Former Rage Against The Machine guitarist Tom Morello marked the 16th anniversary of The Clash’s Joe Strummer with a new tweet.
“Joe Strummer died 16 years ago today. Here is me with his guitar at the Rock and Roll Hall of Fame. Also check out ‘Redemption Song’ with Joe, Johnny Cash & myself.”
Morello inducted The Clash into the Rock and Roll Hall of Fame in 2003.
He said in his induction speech, “I had the good fortune to see The Clash at the Aragon Ballroom in Chicago when I was a teenager. It was an experience that changed my life. Even before the first note was played, the transformation began. I bought a t-shirt in the lobby. I was used to buying heavy metal t-shirts that had lots of pictures of garish wizards and dragons on them. But this Clash shirt was very different. It just had a few small words written over the heart. It said “the future is unwritten.” And when I saw the Clash play, I knew exactly what that phrase meant.
The Clash perform with passion, commitment, purpose, righteousness, and an unflinching political fire. There was such a sense of community in the room, it seemed like absolutely anything was possible. I was energized, politicized and changed by The Clash that night. And I knew that the future was unwritten and maybe we fans and that band would maybe write it together.
Joe Strummer was even playing through the same little amp I used when I was a high schooler. They proved to me that you didn’t need a big wall of Marshall stacks and a castle on a Scottish loch to make great rock and roll music. All you had to do was tell the truth and really, really, really mean it. I’d never seen a better band before that night and I’ve never seen a better band since. That’s very true.
The Clash were one of those rare bands that were greater than the sum of their parts, and yet the parts were awesome. Mick was the brilliant arranger and tunesmith, always looking forward musically. Let’s hear it for Mick. Right on. Always looking forward musically and pushing the boundaries of what was possible for a punk band, of what was possible for any band. Paul was just so damn cool looking. And as you’ll see, he’s still so damn cool-looking tonight. He’s running it like a pimp. And the image of him smashing the bass on the cover of London Calling, sums up the fury and beautiful force of the band. He also wove in the reggae influence that completed that Clash chemistry — of three chords, a funky groove and the truth.
Terry Chimes provided the cavalry charge beats that propelled some of their early anthems, but it was Topper that made it all possible with his drumming. He effortlessly, and with great originality and skill, steered the band through genres undreamt of by their peers.
But really, they had no peers. Because at the center of the Clash hurricane stood one of the greatest hearts and deepest souls of 20th century music. At the center of the Clash stood Joe Strummer.

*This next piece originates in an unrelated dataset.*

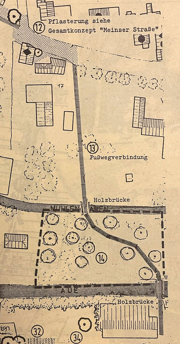 Die Verkehrssicherheitspflicht war nicht mehr gegeben und die Statiker haben eine weitere Nutzung im Gutachten in Frage gestellt. Absicht der Verwaltung ist es, die ehemalige Brücke nur über die Aue durch eine Stahlbrücke im zweiten Halbjahr dieses Jahres zu ersetzen und den Verbindungsweg wieder öffnen.Das Holz, so Ortsbürgermeister Andreas Paul Schöniger, ist aber nicht verloren und soll als „Lernort Natur“ als Unterbau einer kleinen Bühne weitergenutzt werden.

Joe Strummer died on December 22nd, 2002. But when Joe Strummer played, he played as if the world could be changed by a three minute song. And he was right. Those songs changed a lot of people’s worlds forever, mine at the top of the list. He was a brilliant lyricist with anger and wit always stood up for the underdog. And his idealism and conviction instilled in me the courage to pick up a guitar and the courage to try to make a difference with it.

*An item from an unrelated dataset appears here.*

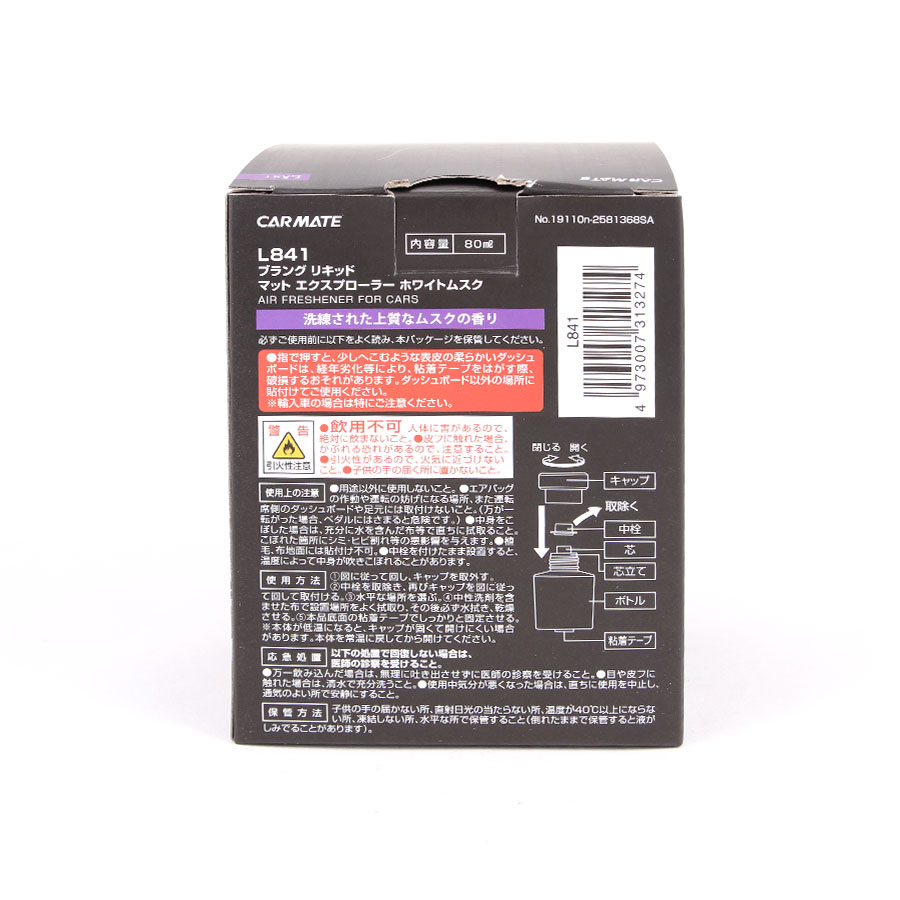 Nước hoa ô tô CARMATE BLANG LIQUID MATTE EXPLORE L841 White Musk 80ml với thiết kế thông minh giúp mùi hương xạ hương lan tỏa nhanh gấp nhiều lần trong xe bạn, cùng kiểu dáng

In the great Clash anthem White Riot, Joe sang, “are you taking over? / or are you taking orders? / are you going backwards? / or are you going forwards?” And when I heard that, I wrote those four lines down, I put them on my refrigerator, and I answer those four questions for myself every single day. And to this day, I still do.
Joe Strummer was my greatest inspiration and my favorite singer of all-time and my hero. I miss him so much and I was looking forward to him standing on this stage and rocking with his friends tonight. And I know that he was too. I’m grateful though to have the tremendous legacy of music that the Clash left behind, cause through it, Joe Strummer and the Clash will continue to inspire and agitate well into the future. In fact, the Clash aren’t really gone at all. Because whenever a band cares more about its fans than its bank account, the spirit of the Clash is there. Whenever a band plays as if every single person’s soul in the room is at stake, the spirit of the Clash is there. And whenever a stadium band or little garage band has the guts to put their beliefs on the line to make a difference, the spirit of the Clash is there. And whenever people take to the streets to stop an unjust war, the spirit of the Clash is definitely there.
Tonight, we will honor the Clash, and Joe Strummer, with toasts and applause, but the best way to honor them is by putting the Clash’s philosophy into practice. By waking up each morning knowing that the future is unwritten, and that it can be a future where human rights, peace and justice come first. But it is entirely up to us. To me, that’s what the Clash was all about.
They combined revolutionary sounds with revolutionary ideas. Their music launched thousands of bands and moved millions of fans. And I cannot imagine what my life would have been without them.
During their heyday, they were known as the only band that matters. And 25 years later, that still seems just about right to me.”